Everyone knows you don’t need a treadmill in space, right? You just find a free section of the cylindrical wall of your spaceship and run around that, 2001-style.

But when you get back to Earth, you need to exercise your atrophied muscles and get the blood pumping again. But how do you stand up on those weak and skinny legs? An anti-gravity treadmill, that’s how. And it isn’t just astronauts that can’t bear their own weight: injured athletes and accident victims also need to regain strength slowly. The answer is the AlterG Anti-Gravity Treadmill M310, a newer, cheaper version of the company’s $70,000 machines.
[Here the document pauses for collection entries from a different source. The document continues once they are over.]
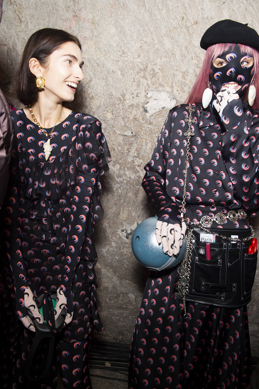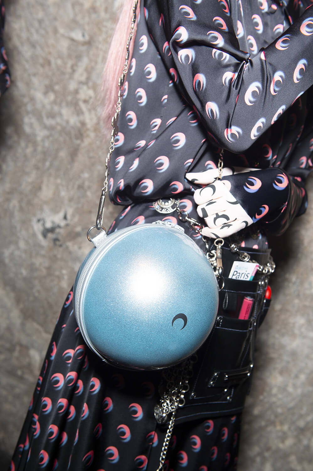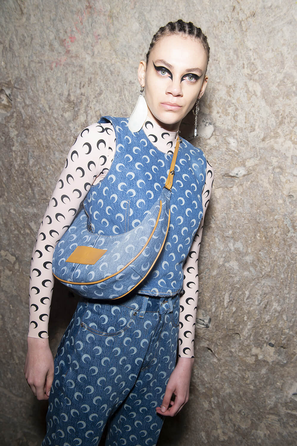 Her signature element – a mini lunar crescent – was back in focus today, referencing her breakout collection, one that earned her the 2017 LVMH Prize. This time round though, it wasn’t just printed all over lycra – it came printed on denim, subtly with dual tones as well as in a whole variety of more abstract artwork. Serre has previously stated she likes the lunar crescent because it’s a “symbol that evolves” and one that carries different interpretations in each different culture. Embracing the moon’s cultural versatility, her AW19 collection represented a rebellious spirit, taking pieces from the outcasts to the world into creating her own generation of tomorrow. Punk tartans, hi-vis neons, shaggy faux furs and balaclavas all shaped the silhouettes which came through in more variety than before. The final section featured looks that were embellished with found objects – coins, scarves, earrings and other bric-a-brac. This is a techno tribe we want to be a part of.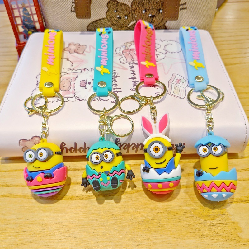 새로운 만화 달걀 껍질 미니언 키 체인 펜던트 커플 작은 선물 학교 가방 액세서리 아기 기계 작은 선물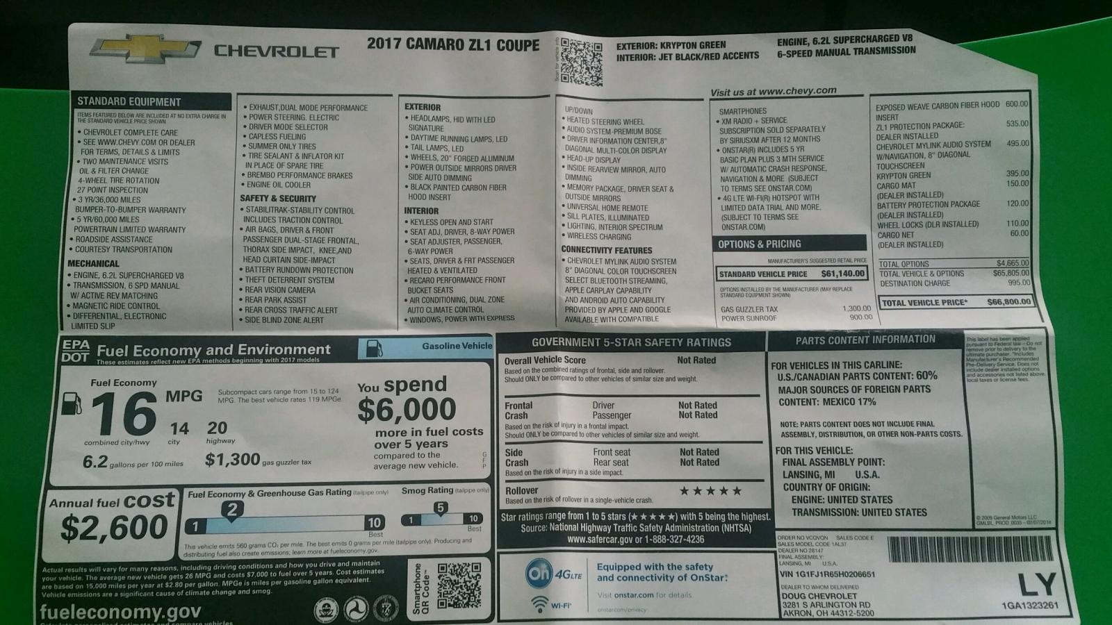 2017 Krypton Green ZL1 Camaro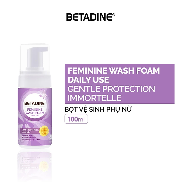 Bọt vệ sinh phụ nữ Betadine Feminine Wash Foam Daily Use Gentle Protection Immortelle 100ml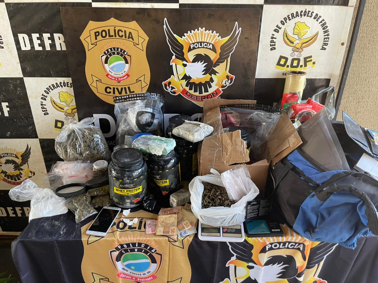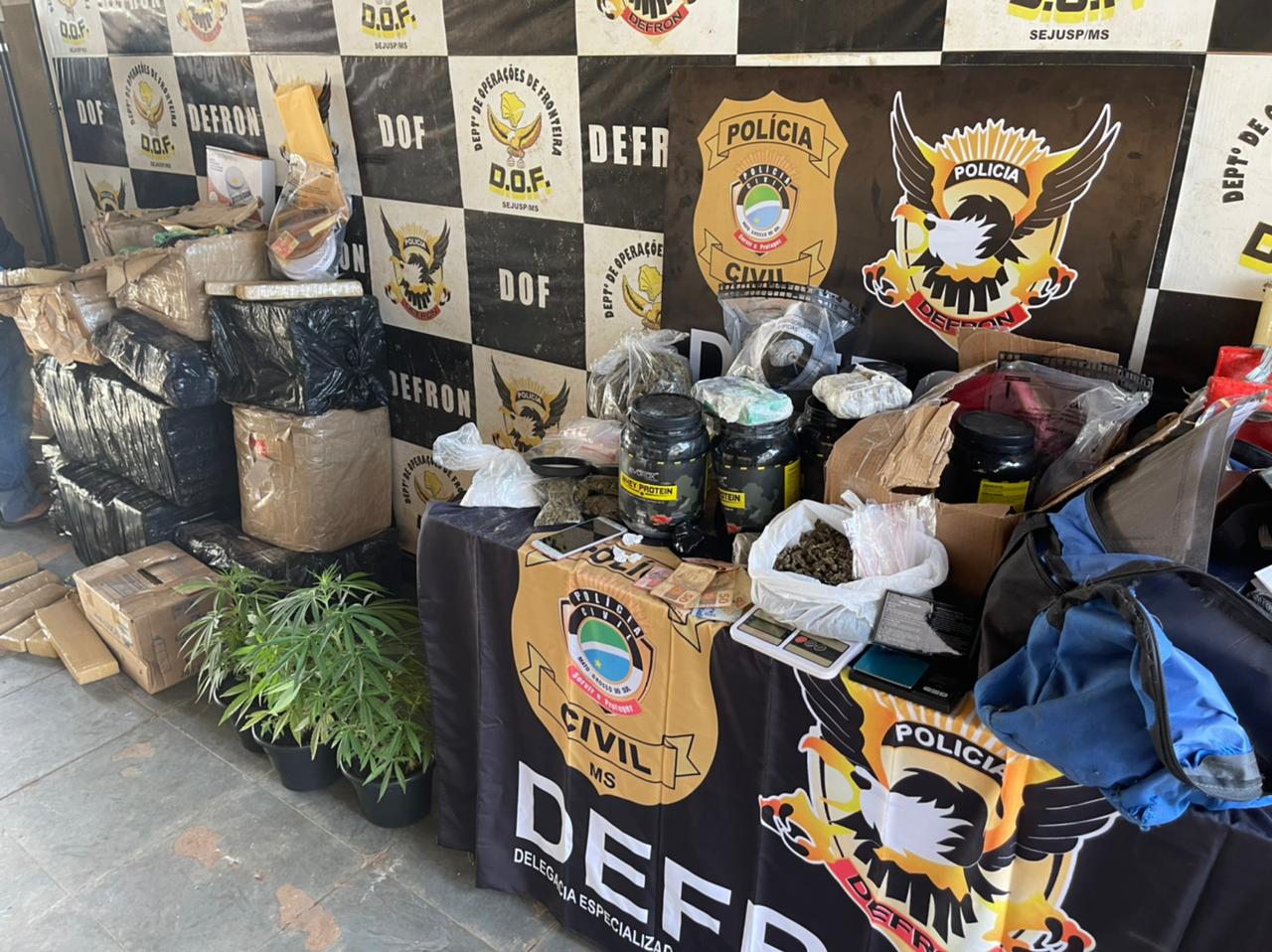 Ao ser cumprido o mandado de Busca e de Prisão Preventiva contra um dos alvos, residente em Dourados, os policiais identificaram um esquema de envio de maconha, cocaína e skunk baseado na retirada do produto do interior de embalagens contendo whey protein (suplemento alimentar), sendo colocado no lugar essas drogas, as quais eram remetidas, via Correios, para todo o país.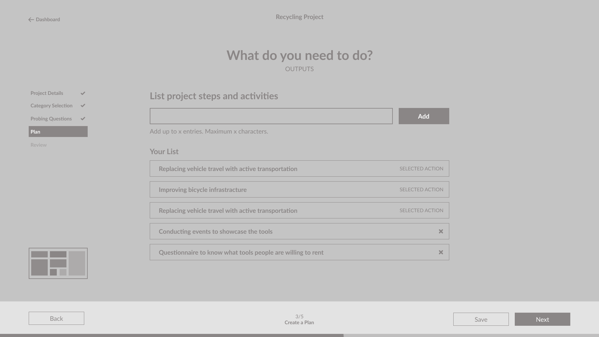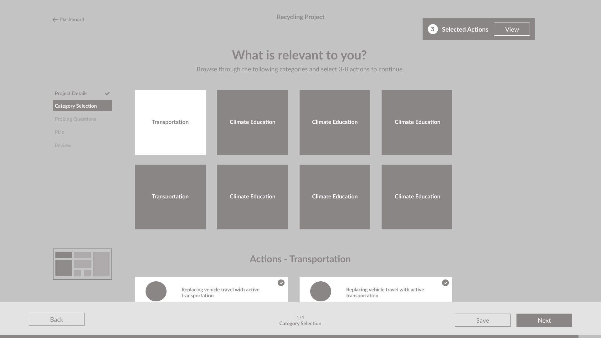 Allows the user to find an area of interest. Then, they are presented with a sub category selection; “Actions”, which is related to their selected initial category. These “Actions” are eco-friendly initiatives that comprises the final outputted project plan.

It works like this: The astronaut, or other user, slots themselves into a big plastic bag which inflates around their lower-half and supports up to 80% of their weight. This stops the joints from a-knocking while they exercise, much like doing aerobics in a swimming pool. The difference is that they are not in the water, and so movement is not inhibited, and you don’t feel like you’re running through treacle.

The M310 costs $24,500 and, like others in the range, will support runners of up to 400 pounds (it’s useful for weight loss, too). The base model goes up to 8mph, and the full-on, NASA-budget version will hit 18mph. That might sound fast, but one other neat side-effect of being squeezed inside a giant bubble is that you can’t fall off the back, however much you crank up the speed.